- DATA UNDER STUDY
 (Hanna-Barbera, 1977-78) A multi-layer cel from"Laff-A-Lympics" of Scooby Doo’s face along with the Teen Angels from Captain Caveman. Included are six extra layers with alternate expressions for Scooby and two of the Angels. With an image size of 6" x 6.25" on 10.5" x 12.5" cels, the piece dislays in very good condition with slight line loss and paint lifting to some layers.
...
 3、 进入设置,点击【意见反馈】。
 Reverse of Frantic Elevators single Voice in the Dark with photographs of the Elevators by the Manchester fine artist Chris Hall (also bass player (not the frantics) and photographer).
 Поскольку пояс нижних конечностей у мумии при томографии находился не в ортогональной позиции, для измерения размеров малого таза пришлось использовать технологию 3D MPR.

- INSTRUCTIONS TO FOLLOW
Each line in the data that holds the string "with" should be found and copied.

- SOLUTION TO THIS TASK
 (Hanna-Barbera, 1977-78) A multi-layer cel from"Laff-A-Lympics" of Scooby Doo’s face along with the Teen Angels from Captain Caveman. Included are six extra layers with alternate expressions for Scooby and two of the Angels. With an image size of 6" x 6.25" on 10.5" x 12.5" cels, the piece dislays in very good condition with slight line loss and paint lifting to some layers.
 Reverse of Frantic Elevators single Voice in the Dark with photographs of the Elevators by the Manchester fine artist Chris Hall (also bass player (not the frantics) and photographer).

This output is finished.